• EXTRACTED INFORMATION:
· · · · ·

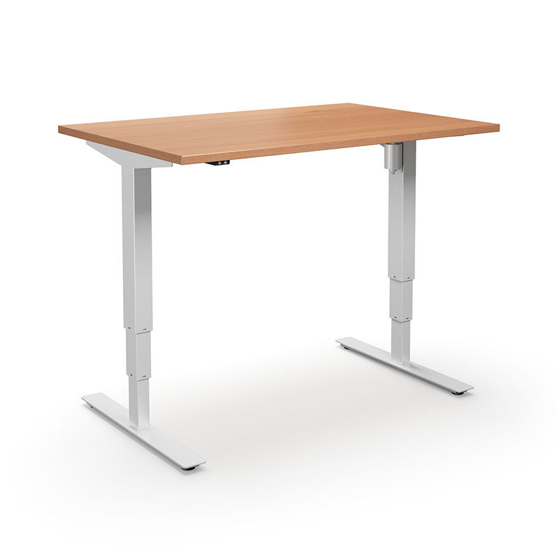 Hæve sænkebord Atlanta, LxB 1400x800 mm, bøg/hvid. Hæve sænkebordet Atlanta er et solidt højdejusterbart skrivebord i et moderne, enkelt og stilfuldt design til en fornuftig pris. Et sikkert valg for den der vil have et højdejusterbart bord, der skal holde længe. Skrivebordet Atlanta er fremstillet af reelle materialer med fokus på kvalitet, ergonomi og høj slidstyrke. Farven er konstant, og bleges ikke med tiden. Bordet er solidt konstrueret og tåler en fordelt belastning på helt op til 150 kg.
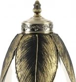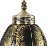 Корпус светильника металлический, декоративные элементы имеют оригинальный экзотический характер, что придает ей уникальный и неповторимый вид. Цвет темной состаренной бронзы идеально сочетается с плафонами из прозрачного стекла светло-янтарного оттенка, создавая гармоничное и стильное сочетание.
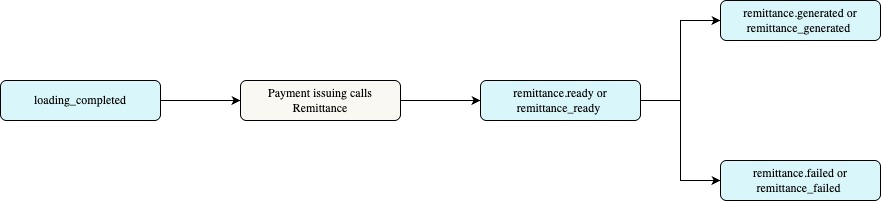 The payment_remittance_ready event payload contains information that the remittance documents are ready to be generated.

· · · · ·

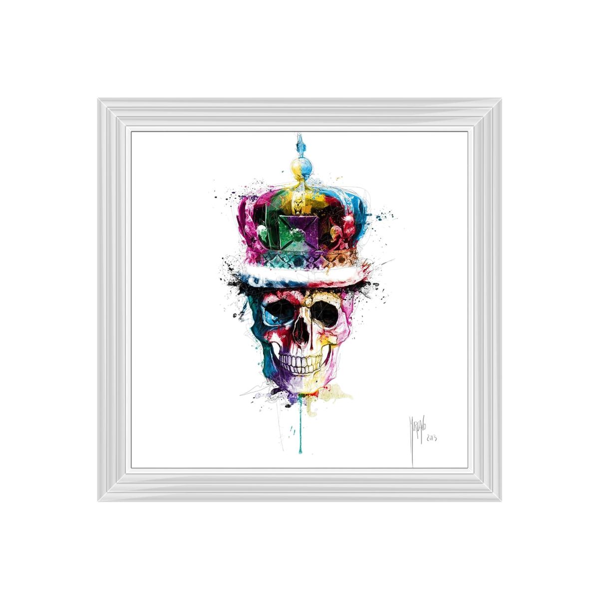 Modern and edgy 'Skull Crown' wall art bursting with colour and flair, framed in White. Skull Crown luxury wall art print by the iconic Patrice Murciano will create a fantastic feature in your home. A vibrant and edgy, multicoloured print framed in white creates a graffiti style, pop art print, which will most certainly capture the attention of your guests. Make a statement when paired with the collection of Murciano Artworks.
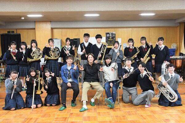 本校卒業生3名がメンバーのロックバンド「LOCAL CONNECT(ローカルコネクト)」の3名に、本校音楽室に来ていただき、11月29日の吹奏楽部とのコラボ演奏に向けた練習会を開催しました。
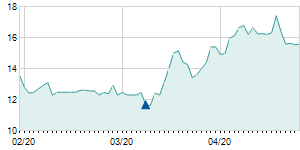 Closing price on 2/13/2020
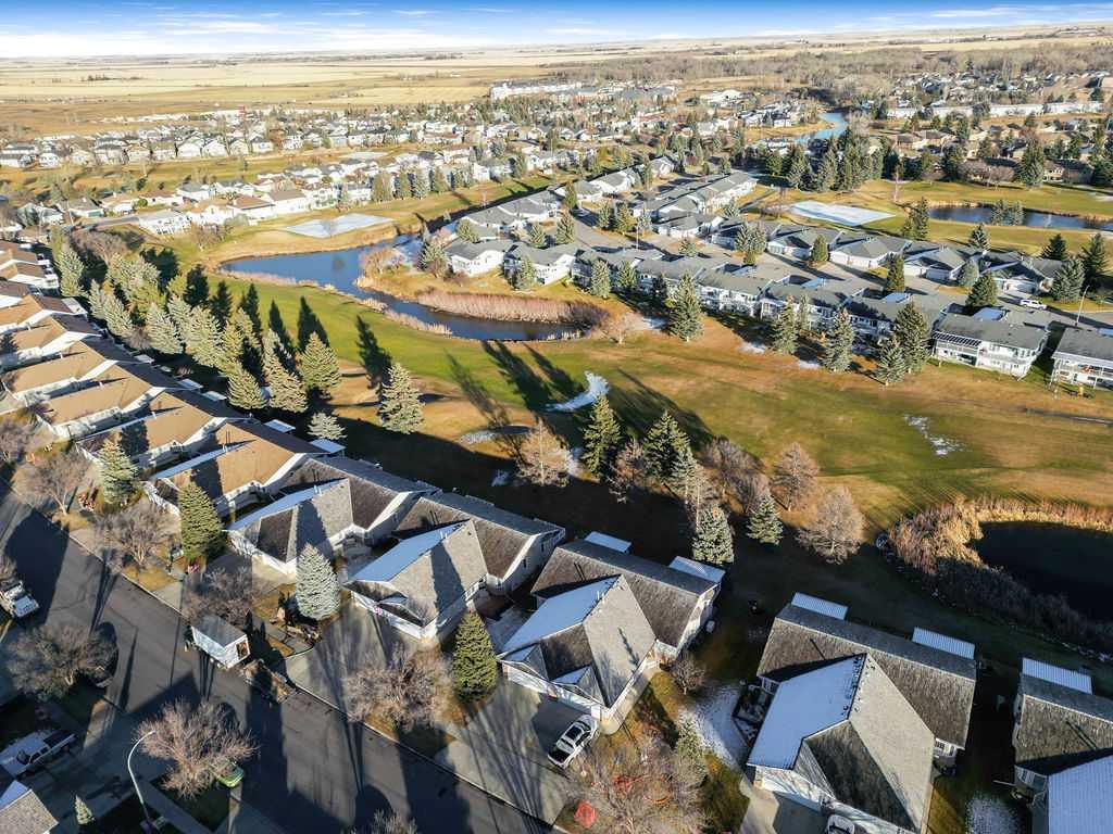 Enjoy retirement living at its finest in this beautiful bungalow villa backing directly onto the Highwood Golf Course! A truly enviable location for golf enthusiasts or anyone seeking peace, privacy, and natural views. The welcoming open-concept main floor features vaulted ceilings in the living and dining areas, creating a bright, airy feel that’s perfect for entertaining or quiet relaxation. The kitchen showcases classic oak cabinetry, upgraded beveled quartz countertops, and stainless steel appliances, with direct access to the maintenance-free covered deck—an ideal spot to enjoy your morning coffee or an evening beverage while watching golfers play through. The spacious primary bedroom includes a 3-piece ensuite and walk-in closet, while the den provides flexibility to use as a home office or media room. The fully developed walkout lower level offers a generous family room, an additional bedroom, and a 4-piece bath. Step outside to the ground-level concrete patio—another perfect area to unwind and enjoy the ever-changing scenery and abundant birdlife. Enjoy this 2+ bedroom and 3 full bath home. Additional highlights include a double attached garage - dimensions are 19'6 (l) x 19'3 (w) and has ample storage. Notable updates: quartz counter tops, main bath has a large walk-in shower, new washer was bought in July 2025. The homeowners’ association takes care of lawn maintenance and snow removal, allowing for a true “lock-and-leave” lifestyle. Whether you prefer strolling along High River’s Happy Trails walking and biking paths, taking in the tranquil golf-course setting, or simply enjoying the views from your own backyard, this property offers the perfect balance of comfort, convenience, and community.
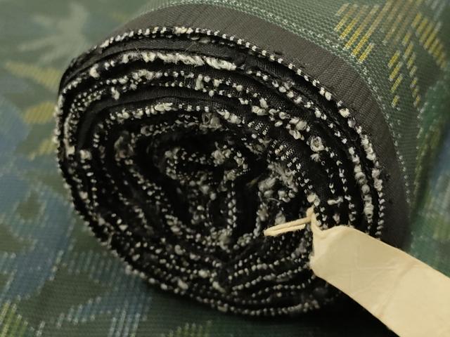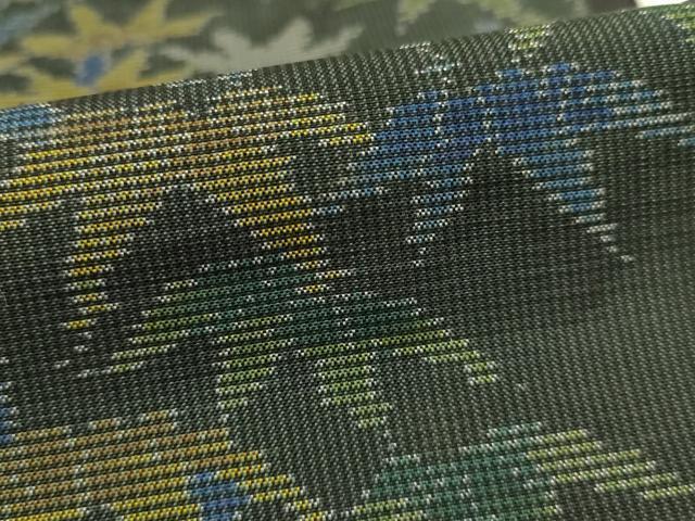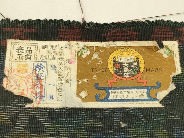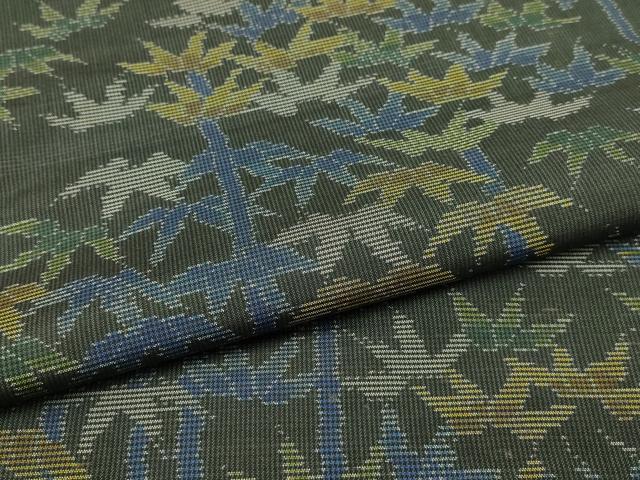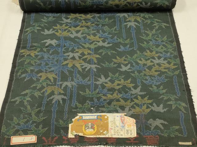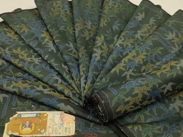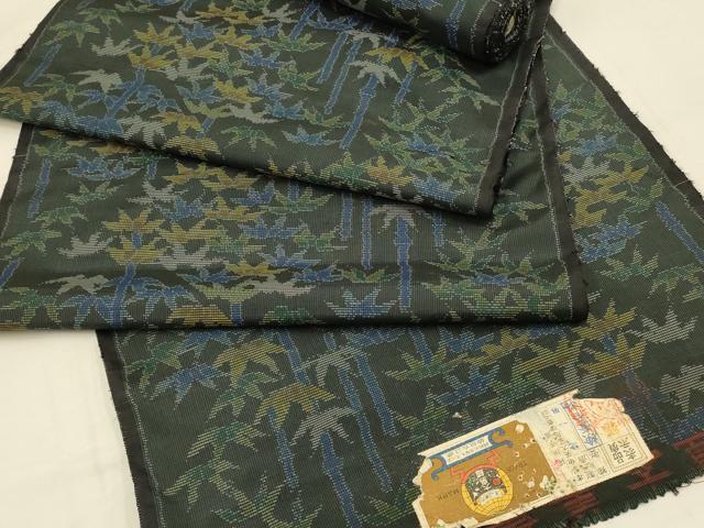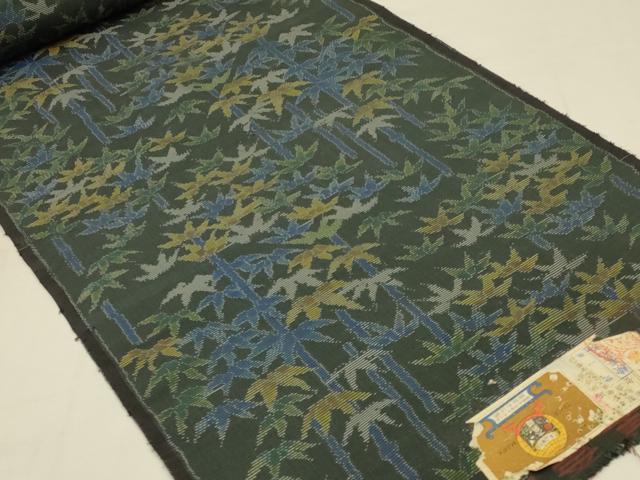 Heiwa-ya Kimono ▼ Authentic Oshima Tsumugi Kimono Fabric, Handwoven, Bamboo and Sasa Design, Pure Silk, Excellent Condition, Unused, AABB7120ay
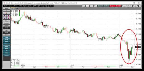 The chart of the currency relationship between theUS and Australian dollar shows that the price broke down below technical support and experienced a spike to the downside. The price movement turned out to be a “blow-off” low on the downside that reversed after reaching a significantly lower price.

· · · · ·

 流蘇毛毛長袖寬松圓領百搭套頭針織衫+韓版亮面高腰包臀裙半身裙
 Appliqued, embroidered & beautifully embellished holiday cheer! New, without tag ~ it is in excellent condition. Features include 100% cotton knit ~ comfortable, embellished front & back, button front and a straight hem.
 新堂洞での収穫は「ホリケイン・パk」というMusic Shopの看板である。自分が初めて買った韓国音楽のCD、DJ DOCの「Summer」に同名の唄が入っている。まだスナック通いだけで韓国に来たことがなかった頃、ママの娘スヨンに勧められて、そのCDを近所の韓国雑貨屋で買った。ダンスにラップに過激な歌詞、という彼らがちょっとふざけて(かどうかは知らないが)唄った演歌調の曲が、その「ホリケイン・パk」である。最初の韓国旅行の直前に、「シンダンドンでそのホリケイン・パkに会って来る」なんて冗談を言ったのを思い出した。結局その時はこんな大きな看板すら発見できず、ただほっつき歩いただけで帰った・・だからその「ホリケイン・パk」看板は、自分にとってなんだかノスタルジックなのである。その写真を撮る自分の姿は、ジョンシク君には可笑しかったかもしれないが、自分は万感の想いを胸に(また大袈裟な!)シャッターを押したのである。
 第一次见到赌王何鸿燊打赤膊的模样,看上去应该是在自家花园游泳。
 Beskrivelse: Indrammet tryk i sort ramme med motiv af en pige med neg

· · · · ·

• EXERCISE PROMPT: Print the part of the listing above that opens with the line containing "Корпус светильника металлический, декоративные" and closes with the line containing "The payment_remittance_ready event". Copy it exactly, both ends included, and omit the pictures.

• EXPECTED ANSWER:
 Корпус светильника металлический, декоративные элементы имеют оригинальный экзотический характер, что придает ей уникальный и неповторимый вид. Цвет темной состаренной бронзы идеально сочетается с плафонами из прозрачного стекла светло-янтарного оттенка, создавая гармоничное и стильное сочетание.
 The payment_remittance_ready event payload contains information that the remittance documents are ready to be generated.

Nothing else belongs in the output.